=== TASK PROMPT ===
The lines running from the one that contains "令和元年度 台湾との交流事業" to the end of the records below are what to reproduce, exactly and without pictures.

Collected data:

◇ ◇ ◇ ◇ ◇

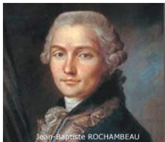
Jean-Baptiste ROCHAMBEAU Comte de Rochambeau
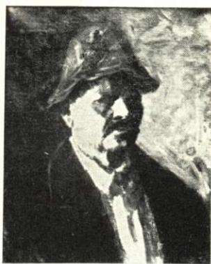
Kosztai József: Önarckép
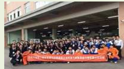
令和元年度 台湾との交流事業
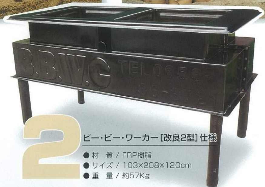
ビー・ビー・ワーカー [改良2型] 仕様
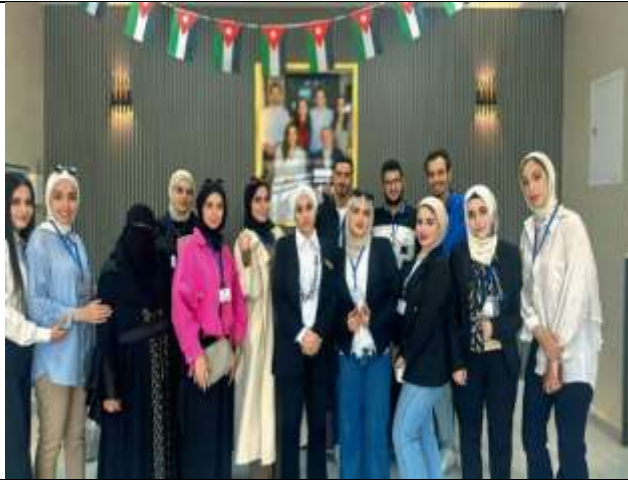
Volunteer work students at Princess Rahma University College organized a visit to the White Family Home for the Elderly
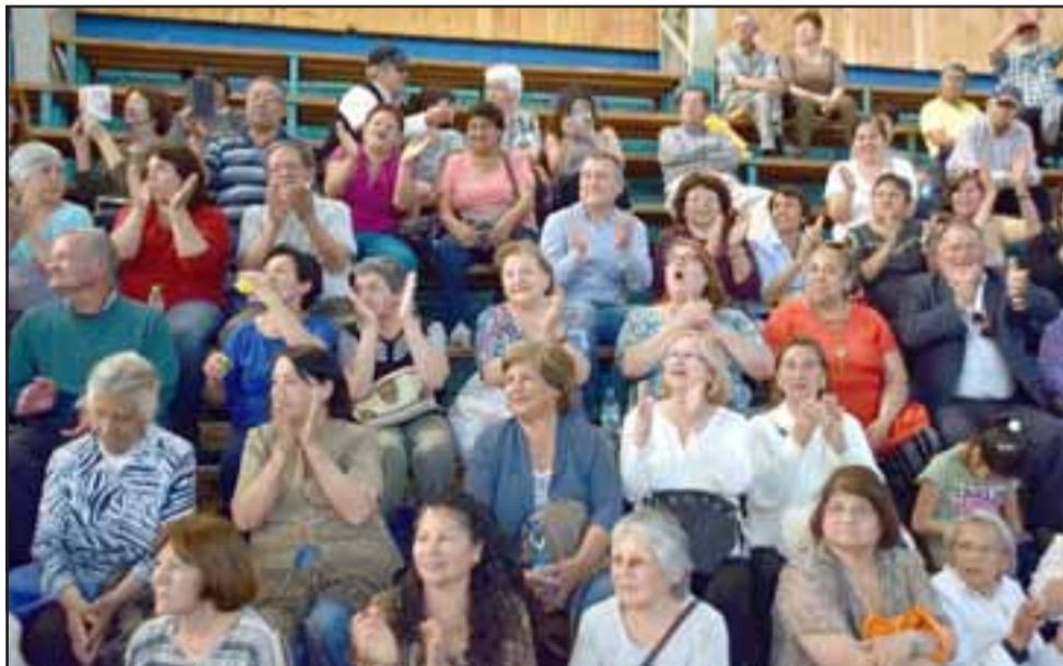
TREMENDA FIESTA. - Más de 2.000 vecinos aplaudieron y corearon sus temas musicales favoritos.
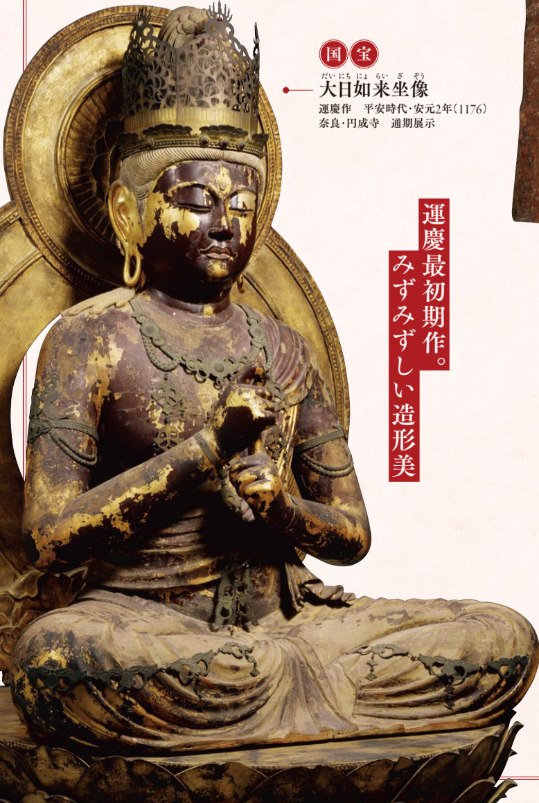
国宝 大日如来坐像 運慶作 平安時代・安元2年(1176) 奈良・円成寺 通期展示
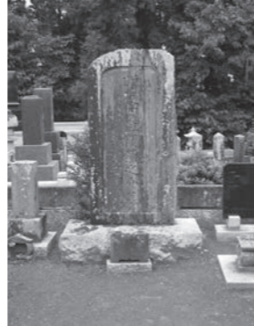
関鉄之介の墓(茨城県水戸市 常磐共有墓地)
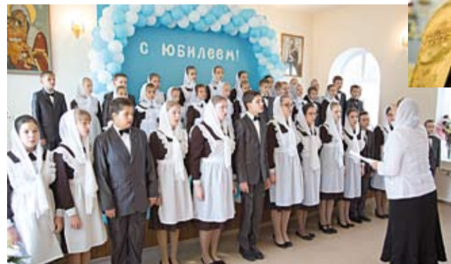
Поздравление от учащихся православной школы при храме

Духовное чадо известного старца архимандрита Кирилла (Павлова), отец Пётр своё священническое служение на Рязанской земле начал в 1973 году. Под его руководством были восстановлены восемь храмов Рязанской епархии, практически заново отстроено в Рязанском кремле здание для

◇ ◇ ◇ ◇ ◇

=== OUTPUT FOR THIS TASK ===
令和元年度 台湾との交流事業
ビー・ビー・ワーカー [改良2型] 仕様
Volunteer work students at Princess Rahma University College organized a visit to the White Family Home for the Elderly
TREMENDA FIESTA. - Más de 2.000 vecinos aplaudieron y corearon sus temas musicales favoritos.
国宝 大日如来坐像 運慶作 平安時代・安元2年(1176) 奈良・円成寺 通期展示
関鉄之介の墓(茨城県水戸市 常磐共有墓地)
Поздравление от учащихся православной школы при храме

Духовное чадо известного старца архимандрита Кирилла (Павлова), отец Пётр своё священническое служение на Рязанской земле начал в 1973 году. Под его руководством были восстановлены восемь храмов Рязанской епархии, практически заново отстроено в Рязанском кремле здание для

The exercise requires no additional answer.